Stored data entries
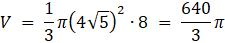Dany jest stożek o przedstawionych wymiarach. Znajdź jego pole powierzchni i objętość.
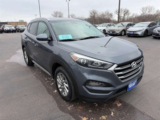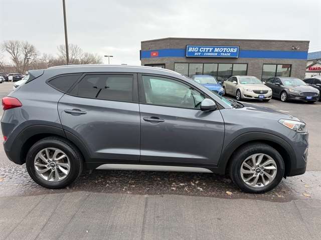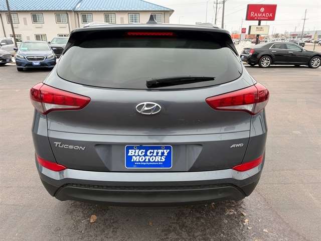 Step into the driver`s seat of this sleek Gray 2018 Hyundai Tucson and get ready for an unforgettable ride! With a powerful 2.0L DOHC 16V I4 engine under the hood and a smooth 6-speed automatic transmission, this SUV is equipped to conquer any road ahead. From city streets to winding country roads, the automatic full-time all-wheel drive ensures optimal traction and stability in any driving conditions.Not only does this Tucson deliver exceptional performance, but it also offers a comfortable and spacious interior with heated front bucket seats and a 60-40 folding rear bench seat. The 6-speaker audio system provides crystal clear sound, while the integrated roof antenna keeps you connected to your favorite tunes.Safety is a top priority in this Hyundai Tucson, with features like side impact beams, dual front airbags, and a convenient back-up camera to assist with parking and reversing. Plus, rest assured with the included Carfax report, giving you peace of mind about the vehicle`s history.So why wait? Come experience the thrill of driving this dynamic 2018 Hyundai Tucson for yourself! Visit Big City Motors to shop our great deals. You can call 605-338-8001 to schedule your test drive today.
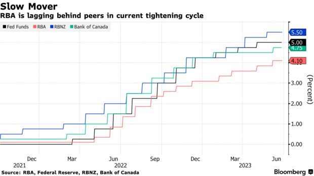 上周,美联储主席鲍威尔、欧洲央行行长拉加德和英国央行行长贝利均表示,他们在抑制通胀方面仍有很长的路要走。美国和英国的加息幅度已超过澳大利亚,欧洲央行的加息幅度也与澳大利亚相当。
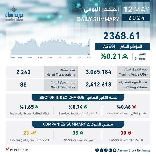 بلغ حجم التداول الإجمالي ليوم الأحد 12/05/2024 حوالي (3.1) مليون دينار وعدد الأسهم المتداولة (2.4) مليون سهم، نفذت من خلال (2,240) عقداً.
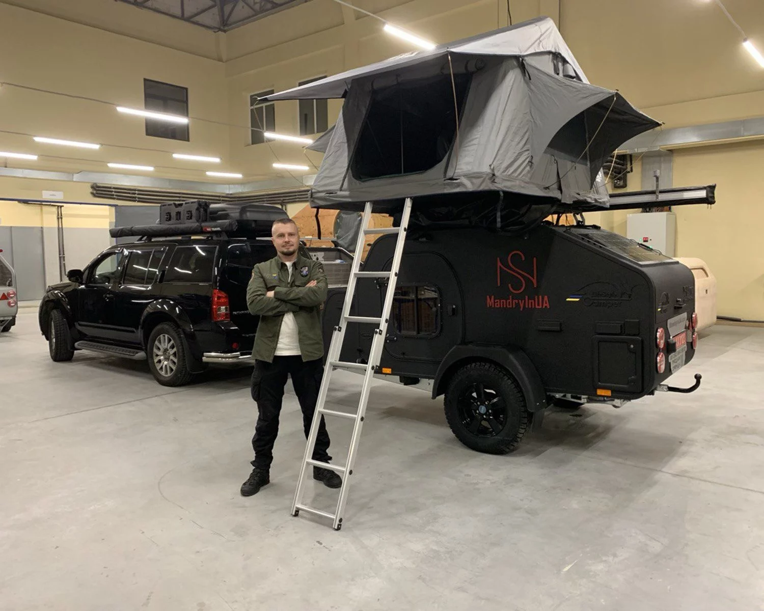 «Мандри in UA» – новий бізнес і для країни, і для мене, і для людей. Перша ідея народилася ще під час служби, ми переміщалися між посадками і щоразу потрібно було все робити заново: вирити бліндаж, туалет, поставити кухню й інше. Я тоді хлопцям під обстрілами кажу: «Уявіть, як класно було б взяти отакий будиночок на колесах і його присипати землею. Треба – відрили й перевезли на нове місце».
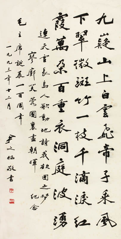 款识:纪念毛主席诞辰一百周年,一九九三年十二月,尹文昭敬书。

* [EXERCISE GOAL]:
Every record must be duplicated exactly, except for the pictures, which are left out.

* [REPLY TO THE EXERCISE]:
Dany jest stożek o przedstawionych wymiarach. Znajdź jego pole powierzchni i objętość.
 Step into the driver`s seat of this sleek Gray 2018 Hyundai Tucson and get ready for an unforgettable ride! With a powerful 2.0L DOHC 16V I4 engine under the hood and a smooth 6-speed automatic transmission, this SUV is equipped to conquer any road ahead. From city streets to winding country roads, the automatic full-time all-wheel drive ensures optimal traction and stability in any driving conditions.Not only does this Tucson deliver exceptional performance, but it also offers a comfortable and spacious interior with heated front bucket seats and a 60-40 folding rear bench seat. The 6-speaker audio system provides crystal clear sound, while the integrated roof antenna keeps you connected to your favorite tunes.Safety is a top priority in this Hyundai Tucson, with features like side impact beams, dual front airbags, and a convenient back-up camera to assist with parking and reversing. Plus, rest assured with the included Carfax report, giving you peace of mind about the vehicle`s history.So why wait? Come experience the thrill of driving this dynamic 2018 Hyundai Tucson for yourself! Visit Big City Motors to shop our great deals. You can call 605-338-8001 to schedule your test drive today.
 上周,美联储主席鲍威尔、欧洲央行行长拉加德和英国央行行长贝利均表示,他们在抑制通胀方面仍有很长的路要走。美国和英国的加息幅度已超过澳大利亚,欧洲央行的加息幅度也与澳大利亚相当。
 بلغ حجم التداول الإجمالي ليوم الأحد 12/05/2024 حوالي (3.1) مليون دينار وعدد الأسهم المتداولة (2.4) مليون سهم، نفذت من خلال (2,240) عقداً.
 «Мандри in UA» – новий бізнес і для країни, і для мене, і для людей. Перша ідея народилася ще під час служби, ми переміщалися між посадками і щоразу потрібно було все робити заново: вирити бліндаж, туалет, поставити кухню й інше. Я тоді хлопцям під обстрілами кажу: «Уявіть, як класно було б взяти отакий будиночок на колесах і його присипати землею. Треба – відрили й перевезли на нове місце».
 款识:纪念毛主席诞辰一百周年,一九九三年十二月,尹文昭敬书。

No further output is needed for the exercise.